= Task to complete =
Please give back only the lines below from the one containing "今日の献立は、カレーうどん、ベビーパン、イカの天ぷら、牛乳です。" to the one containing "The Knot Tank", each repeated word for word, both ends included.

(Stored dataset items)
───
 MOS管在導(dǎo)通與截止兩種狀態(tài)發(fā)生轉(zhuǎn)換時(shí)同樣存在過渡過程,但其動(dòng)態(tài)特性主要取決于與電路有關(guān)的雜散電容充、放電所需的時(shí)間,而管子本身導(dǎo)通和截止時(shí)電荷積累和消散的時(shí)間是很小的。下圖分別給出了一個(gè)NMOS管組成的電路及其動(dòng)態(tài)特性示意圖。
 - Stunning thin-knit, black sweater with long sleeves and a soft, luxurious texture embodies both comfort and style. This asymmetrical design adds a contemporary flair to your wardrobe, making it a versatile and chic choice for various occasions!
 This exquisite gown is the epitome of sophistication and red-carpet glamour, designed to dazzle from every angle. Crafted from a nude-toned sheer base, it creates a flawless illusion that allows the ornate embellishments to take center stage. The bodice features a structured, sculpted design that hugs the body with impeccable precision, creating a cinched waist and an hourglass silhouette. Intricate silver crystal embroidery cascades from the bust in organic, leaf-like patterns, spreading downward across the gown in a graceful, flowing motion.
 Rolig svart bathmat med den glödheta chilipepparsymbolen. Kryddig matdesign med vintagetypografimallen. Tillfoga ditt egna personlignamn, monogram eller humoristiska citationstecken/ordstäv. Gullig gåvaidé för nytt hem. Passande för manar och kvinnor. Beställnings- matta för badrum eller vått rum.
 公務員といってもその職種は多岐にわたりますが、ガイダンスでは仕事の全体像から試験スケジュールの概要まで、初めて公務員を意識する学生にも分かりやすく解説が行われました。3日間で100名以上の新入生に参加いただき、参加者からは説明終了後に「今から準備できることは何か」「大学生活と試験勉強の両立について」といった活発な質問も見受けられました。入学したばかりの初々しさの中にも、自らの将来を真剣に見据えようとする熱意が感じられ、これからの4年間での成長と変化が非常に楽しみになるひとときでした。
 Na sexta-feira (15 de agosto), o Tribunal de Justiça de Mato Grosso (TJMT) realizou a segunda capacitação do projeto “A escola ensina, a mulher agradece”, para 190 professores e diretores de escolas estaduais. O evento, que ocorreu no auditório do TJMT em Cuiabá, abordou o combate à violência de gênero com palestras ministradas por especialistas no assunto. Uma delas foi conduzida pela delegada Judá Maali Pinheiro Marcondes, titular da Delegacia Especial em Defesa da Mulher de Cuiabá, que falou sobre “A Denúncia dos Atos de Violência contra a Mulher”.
───
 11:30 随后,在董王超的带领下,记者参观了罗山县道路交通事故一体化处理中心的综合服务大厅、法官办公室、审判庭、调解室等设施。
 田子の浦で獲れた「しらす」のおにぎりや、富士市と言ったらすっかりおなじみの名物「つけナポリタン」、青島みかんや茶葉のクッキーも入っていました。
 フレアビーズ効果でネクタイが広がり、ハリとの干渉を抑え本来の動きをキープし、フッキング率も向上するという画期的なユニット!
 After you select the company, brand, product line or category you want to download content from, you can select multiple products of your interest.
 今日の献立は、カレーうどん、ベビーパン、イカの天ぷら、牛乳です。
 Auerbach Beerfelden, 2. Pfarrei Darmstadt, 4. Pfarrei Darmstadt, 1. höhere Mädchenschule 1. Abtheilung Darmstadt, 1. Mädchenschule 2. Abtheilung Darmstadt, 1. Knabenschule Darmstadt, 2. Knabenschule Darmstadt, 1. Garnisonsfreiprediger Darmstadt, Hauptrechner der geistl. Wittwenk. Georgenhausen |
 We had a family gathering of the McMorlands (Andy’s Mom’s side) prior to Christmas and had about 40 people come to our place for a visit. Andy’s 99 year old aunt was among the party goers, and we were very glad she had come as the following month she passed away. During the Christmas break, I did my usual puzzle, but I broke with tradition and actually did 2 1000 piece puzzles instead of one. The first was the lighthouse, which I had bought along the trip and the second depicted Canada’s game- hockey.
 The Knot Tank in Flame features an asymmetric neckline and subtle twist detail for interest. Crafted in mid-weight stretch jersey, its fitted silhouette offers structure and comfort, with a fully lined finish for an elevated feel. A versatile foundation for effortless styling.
───
= Task output =
 今日の献立は、カレーうどん、ベビーパン、イカの天ぷら、牛乳です。
 Auerbach Beerfelden, 2. Pfarrei Darmstadt, 4. Pfarrei Darmstadt, 1. höhere Mädchenschule 1. Abtheilung Darmstadt, 1. Mädchenschule 2. Abtheilung Darmstadt, 1. Knabenschule Darmstadt, 2. Knabenschule Darmstadt, 1. Garnisonsfreiprediger Darmstadt, Hauptrechner der geistl. Wittwenk. Georgenhausen |
 We had a family gathering of the McMorlands (Andy’s Mom’s side) prior to Christmas and had about 40 people come to our place for a visit. Andy’s 99 year old aunt was among the party goers, and we were very glad she had come as the following month she passed away. During the Christmas break, I did my usual puzzle, but I broke with tradition and actually did 2 1000 piece puzzles instead of one. The first was the lighthouse, which I had bought along the trip and the second depicted Canada’s game- hockey.
 The Knot Tank in Flame features an asymmetric neckline and subtle twist detail for interest. Crafted in mid-weight stretch jersey, its fitted silhouette offers structure and comfort, with a fully lined finish for an elevated feel. A versatile foundation for effortless styling.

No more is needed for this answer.